• WHAT THE TASK ASKS
Return the full listing unchanged, apart from leaving out its images.

• PROVIDED RECORDS
======

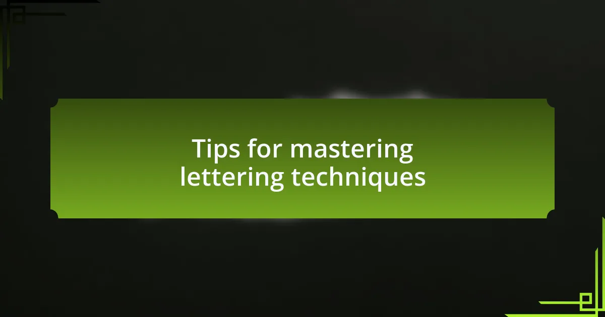 When practicing lettering techniques, consistency is key. I remember my first attempts at brush lettering, where I struggled to maintain even pressure on the brush. It took hours of practice and numerous sketches before I began to feel a smooth rhythm. Have you ever felt that satisfying click when everything just comes together?
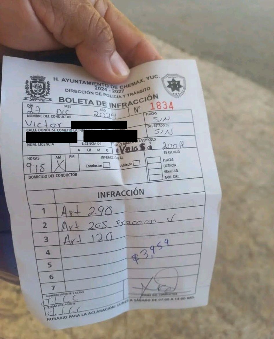 Según una boleta de infracción, los oficiales pusieron que el motorizado violo los artículos 290, 205 y 120 del Reglamento de Tránsito en Chemax, sin embargo, para que las víctimas no reclamen o interpongan algún juicio administrativo, los policías pusieron en la boleta de infracción 27 de diciembre de 2024.
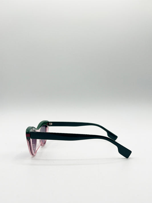 Two Tone Cat-Eye Sunglasses in Pink Green
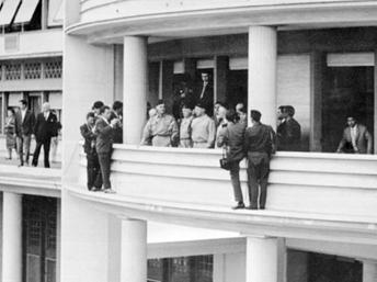 Les généraux Jouhaud, Salan, Challe et Zeller au balcon de la délégation générale à Alger, le 24 avril
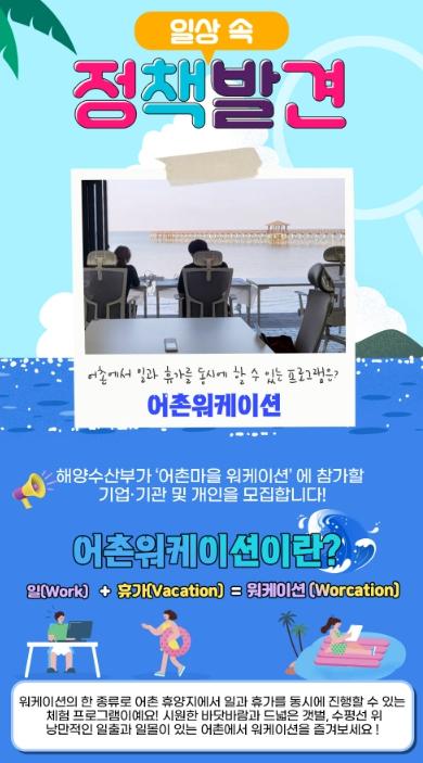 [한국쇼핑몰뉴스, 최영진기자] 해양수산부가 ‘어촌마을 워케이션’에 참가할 기업·기관 및 개인을 모집합니다!
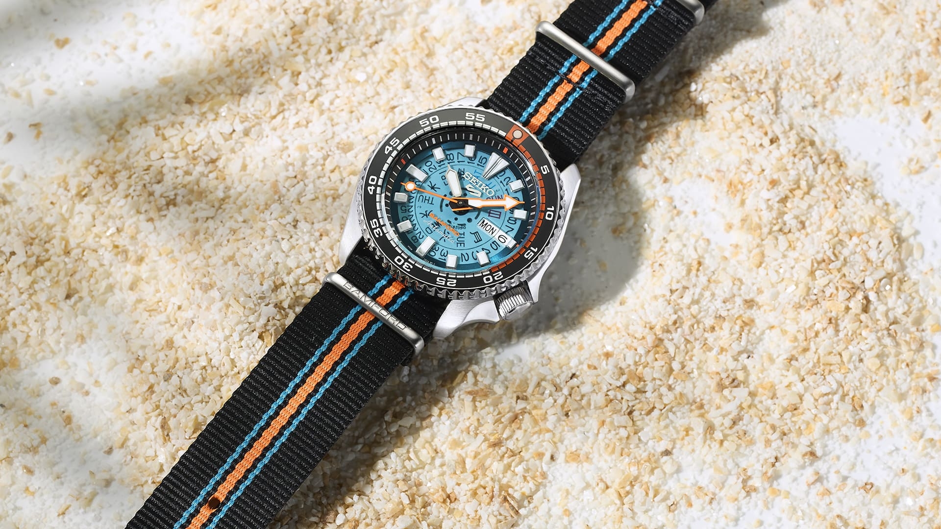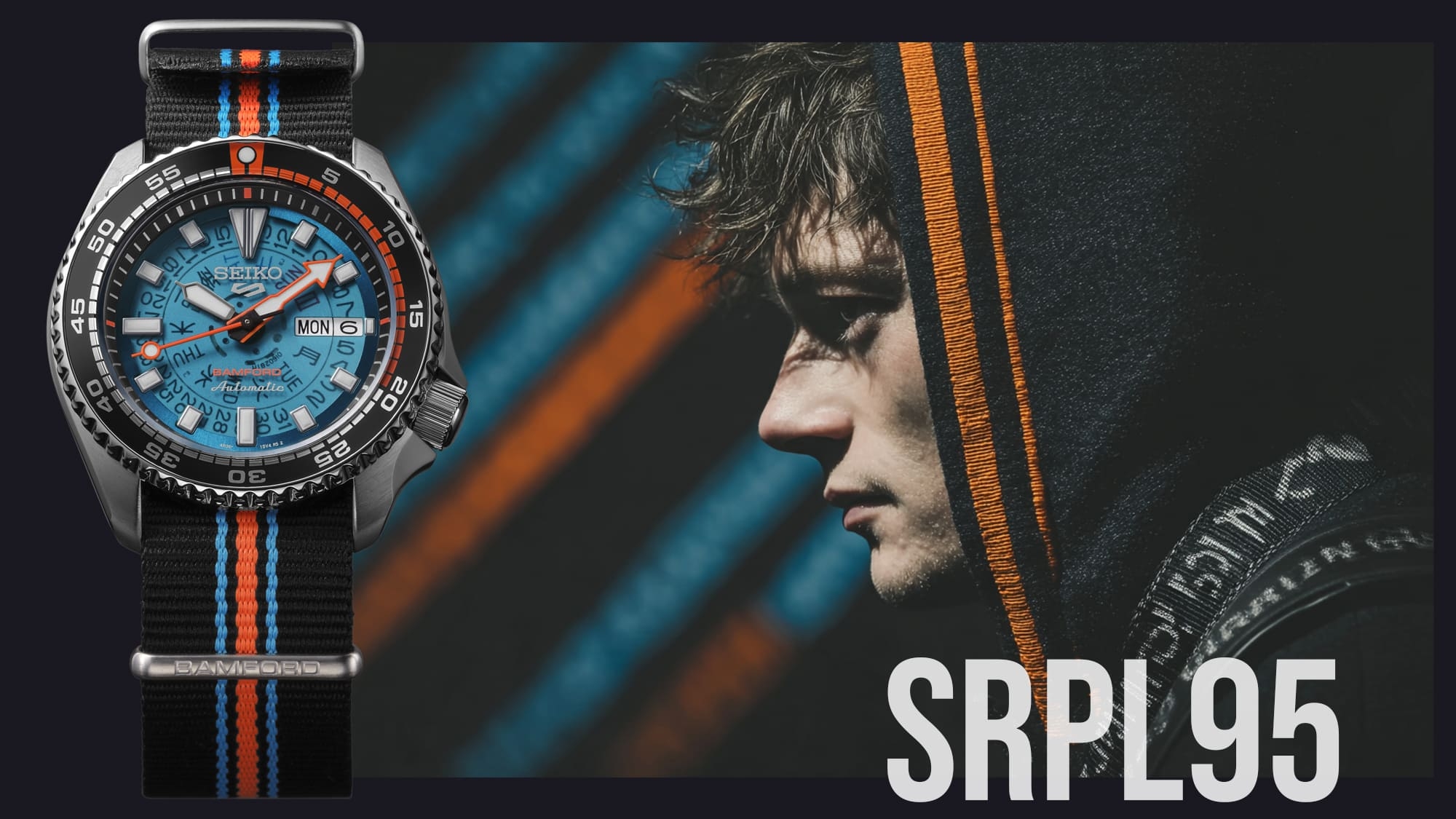 Az SRPL95K1 a hetvenes évek “Time sonar” néven ismert órájának áttetsző számlapját kapta, ami láttani engedi az általában rejtve maradó dátumtárcsákat, ezekből rögtön kettőt is, egyet a hét napjainak és egyet a hónap napjainak, hiszen egy 4R36 kaliberről van szó ennél a modellnél.

======

• RESULT OF THE EXERCISE
 When practicing lettering techniques, consistency is key. I remember my first attempts at brush lettering, where I struggled to maintain even pressure on the brush. It took hours of practice and numerous sketches before I began to feel a smooth rhythm. Have you ever felt that satisfying click when everything just comes together?
 Según una boleta de infracción, los oficiales pusieron que el motorizado violo los artículos 290, 205 y 120 del Reglamento de Tránsito en Chemax, sin embargo, para que las víctimas no reclamen o interpongan algún juicio administrativo, los policías pusieron en la boleta de infracción 27 de diciembre de 2024.
 Two Tone Cat-Eye Sunglasses in Pink Green
 Les généraux Jouhaud, Salan, Challe et Zeller au balcon de la délégation générale à Alger, le 24 avril
 [한국쇼핑몰뉴스, 최영진기자] 해양수산부가 ‘어촌마을 워케이션’에 참가할 기업·기관 및 개인을 모집합니다!
 Az SRPL95K1 a hetvenes évek “Time sonar” néven ismert órájának áttetsző számlapját kapta, ami láttani engedi az általában rejtve maradó dátumtárcsákat, ezekből rögtön kettőt is, egyet a hét napjainak és egyet a hónap napjainak, hiszen egy 4R36 kaliberről van szó ennél a modellnél.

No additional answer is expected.